The parliamentary National Policy Committee on Dec. 4 held a public hearing to look into the revision bill of the Electronic Financial Transactions Act, earlier submitted by Rep. Park Yong-jin of the ruling Democratic Party of Korea.
Kim Yong-beom (right), vice chairman of the Financial Services Commission, on Dec. 4 attends a parliamentary hearing on licensing cyber currency operators.
While the lawmaker called for an alleviative licensing system for cyber currency operators, financial supervisors advocated a stronger regulative frame as a pre-emptive measure against expanding possibilities of abuse. Experts from the civil sectors remained divided.
“Once we apply an extensive ban, it will become more difficult later on to set rules (about the cyber currency business),” said an official at Park’s office.
The lawmaker’s idea is that the business should be licensed to operate within legal boundaries, under the supervision of the Financial Services Commission.
Government officials, however, took guard against Park’s forward-leaning policy proposal.
“Cyber currency is currently more of a subject of transactions and speculations than a means of payment,” said Cha Hyun-jin, director of payment and settlement systems department at the Bank of Korea.
“Legislation (concerning its operation license) should be approached in a more prudent manner.”
FSC Chairman Choi Jong-ku had earlier expressed his concerns over the speculative aspects of cyber currencies.
“There is no explicit need or validity to include cyber currencies as part of the financial business sector,” Choi said late last month, revealing his opposition to Rep. Park’s lenient bill.
The average daily amount of circulated cyber currency, strongly steered by bitcoin and Ethereum, hit the mark of 1 trillion won ($918 million) in June. Amid increasing transactions, Bithumb, one of the leading cyber currency exchanges here, was hit by an extensive cyberattack in July resulting in the theft of the personal information of some 30,000 customers.
“Cyber currency exchanges stand in a legal blind spot, as they only need to acquire a telecommunications operator license before stepping into business,” said Han Kyung-soo, chief partner lawyer at law firm Wimin, calling for a minimum level of regulations.
Despite the soaring amount, however, there is currently no way to compensate for damages in case of hacking or other possible cyber violations, Han claimed.
Advocates of the blockchain industries have claimed a detailed classification system is needed to differentiate authentic digital currencies from speculative copycats.
“The term ‘cryptocurrency’ should be used to differentiate (bitcoin and other leading cyber currencies) from other similar products that are issued by a specific subject,” said Kim Jin-hwa, joint representative of the preparatory committee for the Korea Blockchain Industry Promotion Association.
Lee Chun-pyo, honorary professor of economics at Seoul National University, asserted that an overall ban on the transaction of cyber currency may discourage innovative businesses.

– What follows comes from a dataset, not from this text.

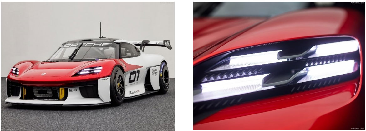 扁平的LED大灯极为显眼。四点式前灯源于Taycan电动跑车的大灯设计。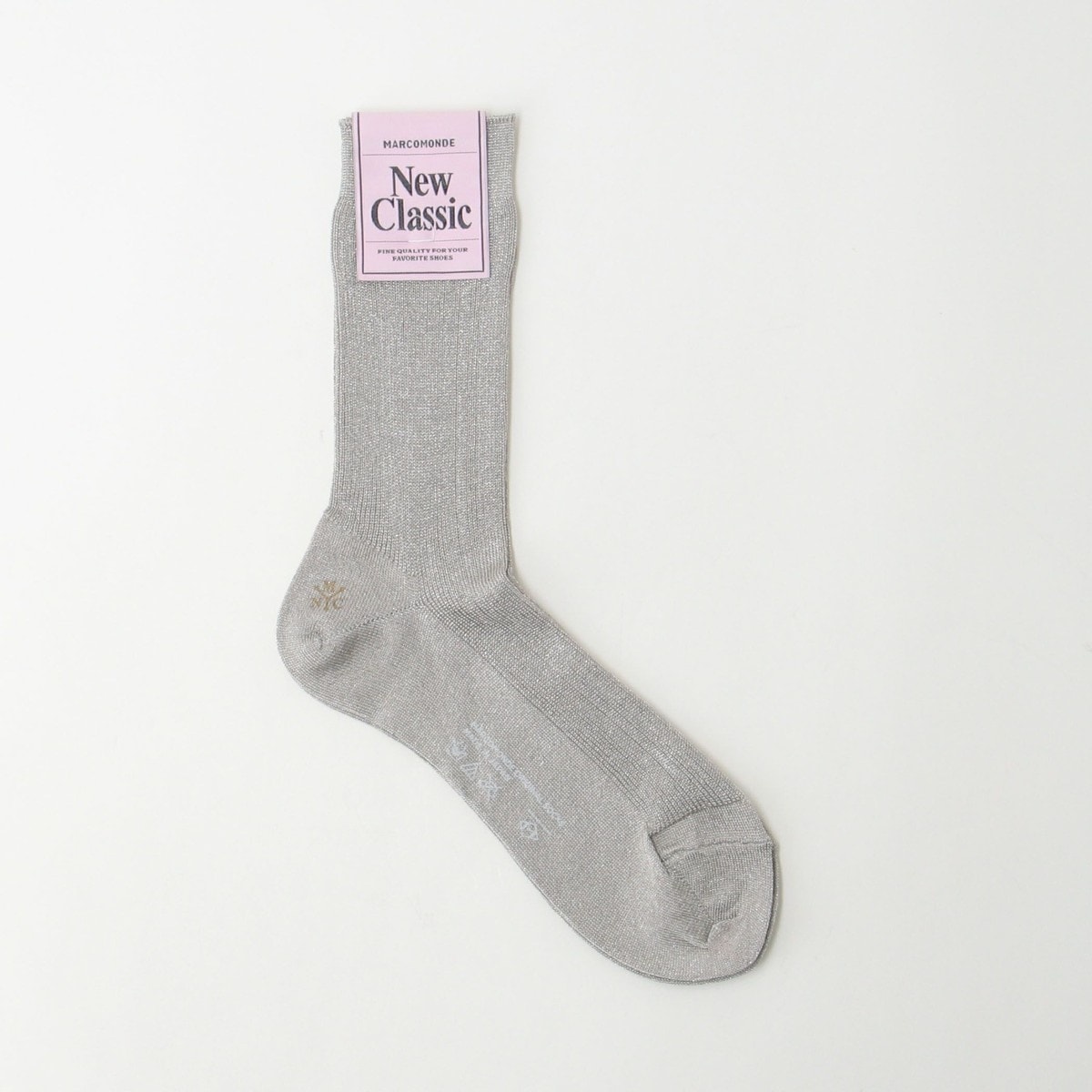 細かい編地の中にラメ糸が入り、上品なキラキラ感が目を引くリブソックス。

“It is not desirable for authorities to impose a uniform ban on initial coin offerings, without even knowing what individual companies may achieve through ICO funding,” Lee said.
Meanwhile, senior financial regulators from South Korea, Japan and China met in Incheon on Friday to discuss the volatility over US interest rate hikes and to share policy experiences on financial technology, including cryptocurrencies.